对 49 例(平均年龄 60±7 岁)至少随访 2 年(平均 4.6±1.7 年)的患者进行评估。43 例(87.8%)为男性。13 例(26.5%)有非关节置换肩手术史。19 例(38.8%)为 Walch A 型,30 例(61.2%)为 B 型肩胛盂。评估术前和术后的肩部活动度、患者报告的结果(PROMs)和健康相关的生活质量(HRQoL)。评估术前和术后的普通 X 线片。使用混合效应模型来研究与结果相关的因素。

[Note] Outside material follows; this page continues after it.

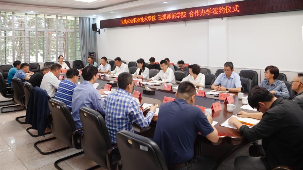 签约仪式在玉溪师范学院举行,由玉溪师范学院副校长章新主持。玉溪师范学院、玉溪农业职业技术学院相关职能部门负责人参加仪式。
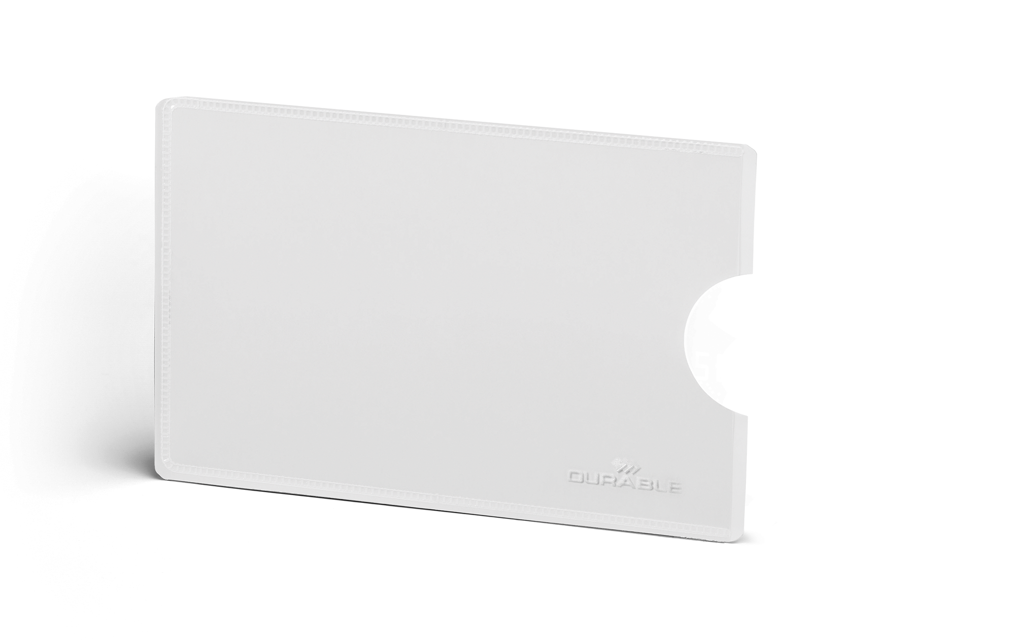 Kreditkort etui som beskytter imod kriminel kortafluring af personligt data Beskyttelsesetui med transparent forside til 1 kort Etuiet er T¨V-godkendt på 13,56 MHz Med udstanset tommelfinger for nemt at fjerne kortet Indre mål: 54 x 86 mm Ydre mål: 61 x 90 mm

主动前屈和外展的改善分别为 111.7°±23.8°至 139.2°±21.1°和 13.3°±20.7°至 38.7°±14.7°(P<.001)。最近随访时的美国肩肘外科医生标准肩关节评估表(ASES)、手臂、肩部和手残疾问卷(DASH)、简单肩部测试(SST)和视觉模拟量表(VAS)肩部疼痛评分的平均得分为 86.6±19.9、10.1±14.1、10.5±2.2 和 1.5±2.3。PROMs 的平均变化显著,并超过了 aTSA 的最小临床重要差异。ASES、DASH 和 SST 的最大可能改善百分比大于 75%。男性(P<.008)和没有肩部手术史(P<.04)与更好的绝对和更大的 PROMs 变化显著相关。年龄、术前肩部活动度和 Walch 肩胛盂分类与 PROMs 无关。5 例(10.2%,95%置信区间[CI] 1.8%-18.6%)因疼痛而行翻修。另外 3 例患者在最终随访时不满意,但未行翻修,导致 16.7%(95%CI 6.1%-27.2%)的患者对初始 RnR 的结果不满意。SF-6 维度的平均分数从 0.66±0.12 提高到 0.77±0.13,EQ-5D 维度的平均分数从 0.68±0.20 提高到 0.85±0.17(P<.001)。生活质量的改善与非优势侧手臂治疗、年龄增加和术前 SST 评分增加显著相关。肱骨头旋转中心的每年内侧化程度为 0.56±1.6mm/yr。没有影像学指标与长期 PROMs 相关。
Ream and Run 可以为高比例的患者提供短期和中期 PROMs 和 HRQoL 的显著和临床重要的改善。对于特定的患者,该手术是 aTSA 的一个合适的替代方法。